I was really not prepared for children.
And still, to this day, when one of them says, “Mom?” I tend to look around and over my shoulder. “Me?”
Linking in with Heading Home today for Five Minute Friday. Today’s word:
It is a tough word. I have lists and organizers and calendars and lots of glorious plans, all the time, for everything. But even so, more often than not, I don’t really feel prepared.
About three weeks ago my pastor asked me if I would prepare a monologue and perform it for the church. This is just crazy talk, I thought.
Then, he said, my monologue would be scheduled for the Christmas Eve Service – the “big kahuna” of services, you know. The one with all the candles and Silent Night and usually me weeping with the beauty of it. If I get mixed in with that, won’t it kind of be like singing all those beautiful carols accompanied by a kazoo?
No, wait there’s more. THEN he said, “I want you to play Mary.”
Ok. Sure.
Of course I said yes, because he’s my pastor. He’s a man of God and all that.

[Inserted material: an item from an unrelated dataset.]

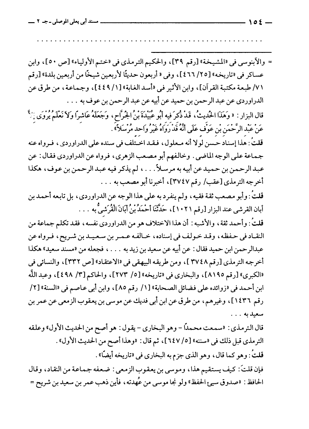 قلتُ: هَذا إسناد حسن لولا أنه معلول، فقد اخَتَلف في سنده على الدراوردى، فرواه عنه جماعة على الوجه الماضى. وخالفهم أبو مصعب الزهرى، فرواه عن الدراوردى فقال: عن عبد الرحمن بن حميد عن أبيه به مرسلًا ... ، لم يذكر فيه عبد الرحمن بن عوف، هكذا أخرجه الترمذى [عقب/ رقم ٣٧٤٧]، أخبرنا أبو مصعب به ...

Perhaps later when I was trying on Mary costumes (drab… poor Mary) I started to think, “Really. ME? Perhaps there might be a better candidate out there?”
I am so not prepared.
But here’s the deal. I wonder all the time now, “How did she feel? How did she DO this? How did she?”

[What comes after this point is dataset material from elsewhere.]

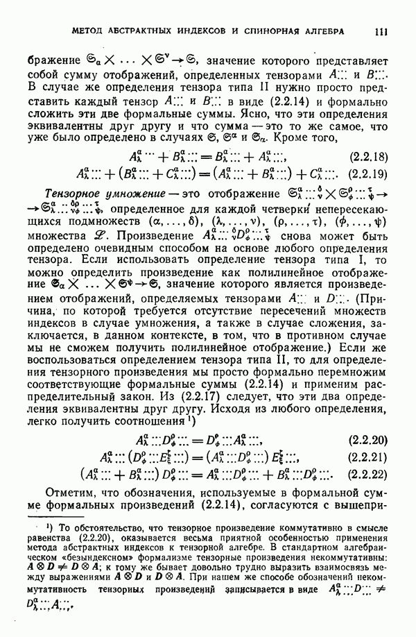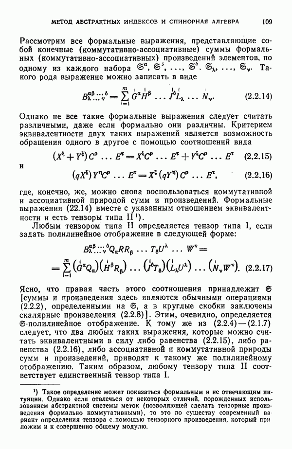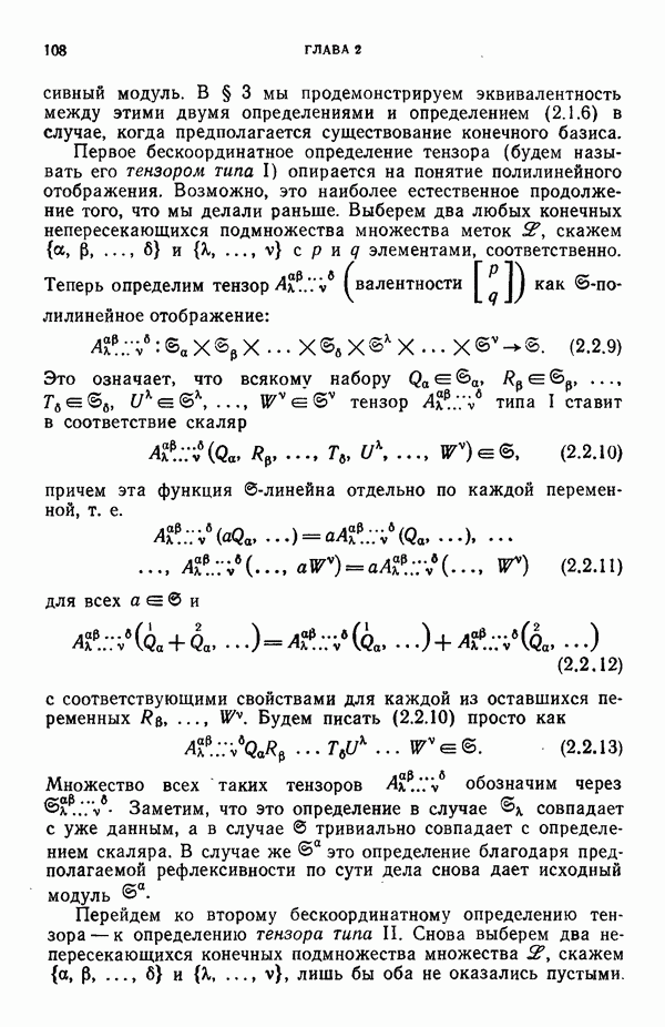 есть Легко убедиться, что каждое из определений тензоров I и II типов ведет к тензорам высшей валентности, являющимся элементами множеств [в частности, см. для сравнения (2.2.38)].

And then I realize. None of us is prepared.
God’s glory and love is so huge and astonishing, it should lay us out on our faces every day.

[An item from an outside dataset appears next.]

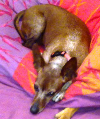 ציפי, כלבתנו האהובה, אבדה. אתמול, 12.8.2011, נעלמה, בפארק מדרון יפו (דרומית לנמל). תיאור כללי: (מצ"ב תמונה) פינצ'רית בת 10. צבע חום, עם שערות שיבה רבות. קולר אדום. בעלת שבב. ציפי, יקרה מאוד לליבנו, והינה חלק בלתי נפרד מהמשפחה. עיזרו לנו למצאה. פרס כספי למוצא !
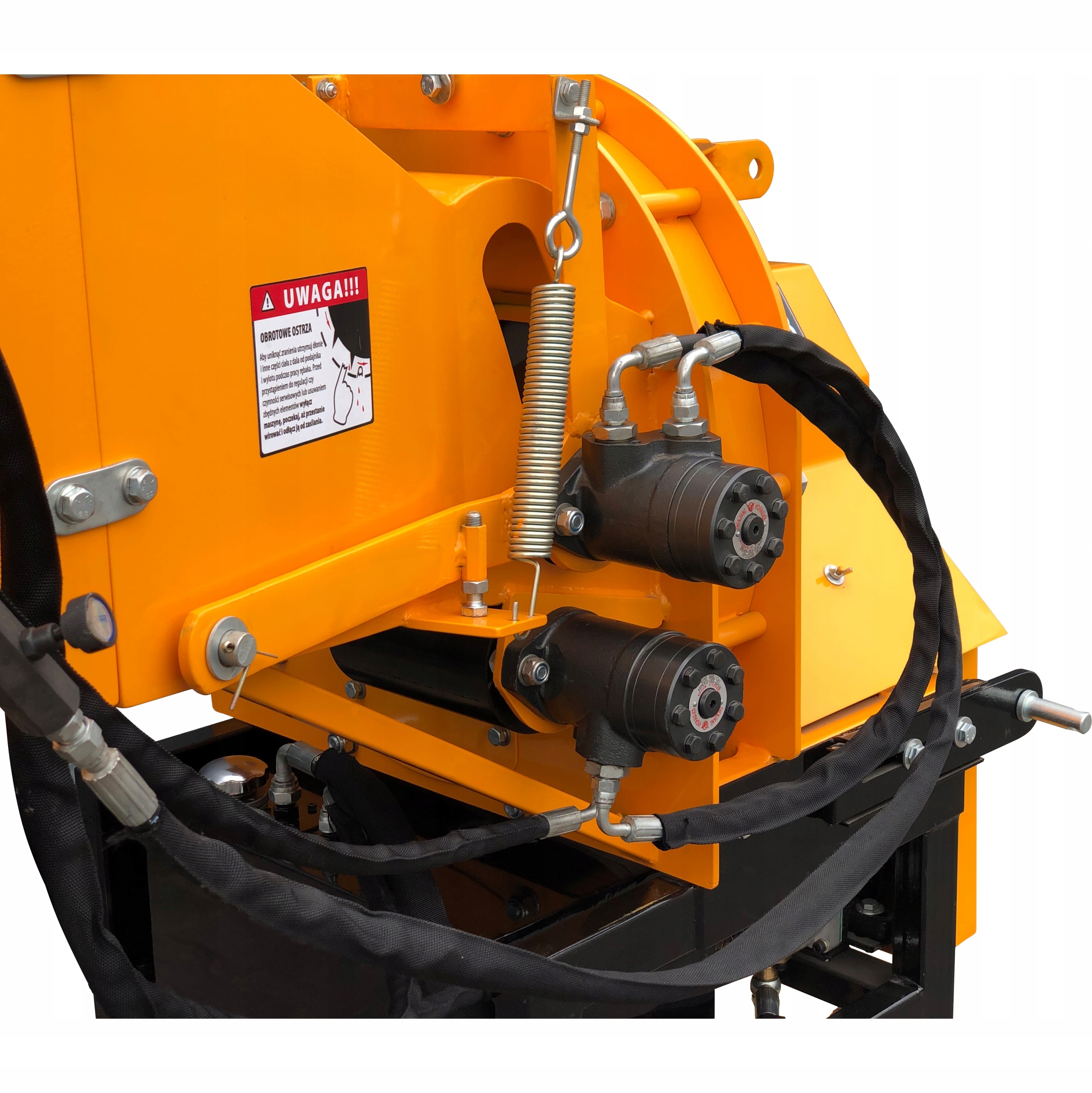 ✅ Два подаючі ролики з гідравлічним приводом полегшують машині подрібнення великих гілок. Машина сама натягує матеріал на диск. Подрібнювач оснащений власним насосом.

And also note: whenever my hubs and I get in a “discussion” now, I just look beatific and say, “Hey. Don’t mess with Jesus’s mom.”
I really enjoyed your style of writing. Found you through Five Minute Friday and I’m planning on sticking around. As someone who had her first baby at 32 I can’t fathom being 14 and God telling me that I would be the mother of Son of God.
I KNOW. I feel so overwhelmed for her! At least I can channel my own overwhelmedness to help me “feel the part” i guess… 😉
Nice way to end an argument! LOL! #FortheWIN Praying for you as you prepare (ya see what I did there?) …I am sure it will be wonderful and wonder-filled! Merry Christmas!
I see what you did there!! 🙂 Thank you and prayers much appreciated.
Since my pastor’s first advent sermon (he’s really hitting the waiting hard this year), I cannot stop thinking of Mary. “Breath of Heaven” by Amy Grant has been perpetually stuck in my head. I never ever ever ever feel prepared for anything as a mom, but at least my husband and I were able to wait until we wanted to have children and make that choice, and at least I’m not the world’s only pregnant virgin. I can’t imagine how lonely that must’ve felt, how hard it must’ve been on both Joseph and Mary.
I have been listening to “Breath of Heaven” a lot. It is perfect. 🙂
“None of us is prepared.” Only by the grace of God go I! Seriously. I don’t even know how he landed me where I am. Without him, I would likely be dead. He prepares us for his work. Thanks for this! I love your humor and your truth woven together. Cheering you as you cheer about our Lord.
P.S. We need to see some Mary pics!
Thank you so much – I often feel overwhelmed with this… I love your encouragement!